Zunar must be recognized internationally and domestically as the patriot and hero that he is.  Every Malaysian citizen should understand that he risks his life on behalf of everyone, and he does it in defense of the honor of Malaysia and in the name of the Malaysian Constitution.  Zunar has deeply internalized the Constitution’s guarantee that he and every other Malaysian citizen…has the courage, the right to be such a patriot.

For more than 20 years I have been monitoring the activities of political cartoonists who are in trouble because [of] the power and influence of their work.  I am constantly in awe of them.  They are not all as dynamic and feisty and stubborn as Zunar, but they all exhibit a courage and the dignity which exemplifies the best of the human spirit. As the famous American humorist Mark Twain once said, ‘Against the power of laughter, nothing can stand.’   Zunar, along with so many of his associates who suffer along with him, are the hidden heroes of every modern democracy.

If the political leaders in Malaysia really understood what they were dealing with, they would just let him alone. They would allow him to publish his cartoons, and thus stop being the source of so many wonderful stories about unethical and illegal censorship in Malaysia.

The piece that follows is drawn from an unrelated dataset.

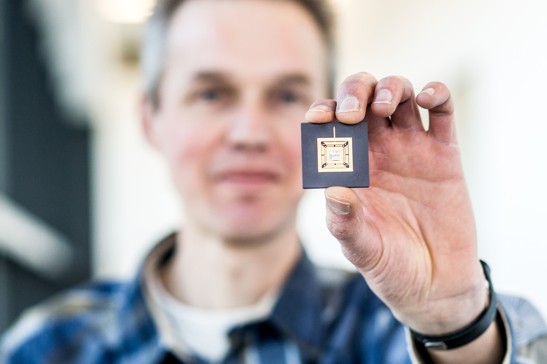 Mario Konijnenburg with his multi-sensor chip.
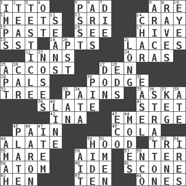 ACROSS 1. "Tell ____ the Marines!" 5. Groovy apt. 8. "We ___ not amused" (Victoria) 11. Confronts 13. _ Lanka 14. Supercomputer manufacturer 15. Thick mixture 16. Observe 17. Hub of activity 18. Fast jet (abbr.) 19. Flats, for short 21. Shoestrings 22. Lodging establishments 24. Mouths or openings 25. Buttonhole 27. Lair 29. Friends 30. Plash 32. Relationship diagram 33. Aches 35. "____ silly question..." 39. Chalkboard 41. Proofreading order 42. _ tizzy (2 wds.) 43. Develop 45. Ache 48. Root beer relative 49. Having winglike extensions 50. Parka part 52. Three (prefix) 55. Female horse 56. Direct toward a target or goal 57. Keyboard key 59. Tiny particle 60. Binary compound 61. Biscuitlike quick bread 62. Layer 63. "___ Little Indians" 64. Singles DOWN 1. Naughty children 2. Afternoon social gatherings 3. A testis 4. Baseball player Mel 5. Inconspicuous attention getter 6. Ancient Greek god of war 7. Expire 8. N. Chile seaport 9. All-night dance parties 10. Sight organs 12. Seines 14. Burn to charcoal 20. Pacific Standard Time (abbr.) 21. Yearn 23. Olfactory organs 25. Fitting 26. Automobile 27. Spanish title 28. Begley and Asner 30. Sliced dessert 31. Artist's stand 33. Baking dish 34. "One Day ___ Time" 36. Ski resort town in Vermont 37. Barrel 38. Had dinner 40. Actor's bit 43. Environmental prefix 44. Methods 45. Food holder 46. Composer Copland 47. Detail 49. Wet nurse 50. Flintstone garb 51. Sign of things to come 53. French philosopher Descartes 54. Angers 56. Small island 58. Non-commissioned officer (abbr.)

Zunar will also be recognized next month in Gothenburg, Sweden, where his work will appear in the second annual Sketch Freedom International Cartoon Expo. Organized by exiled Iranian cartoonist Kianoush Ramezani, the exhibit at the Regional State Archives of Gothenburg will present the work of 26 cartoonists from around the world that “manifest[s] the value of freedom of expression.” Someday we hope that Zunar will have the same freedom to publicly share his work in his native country!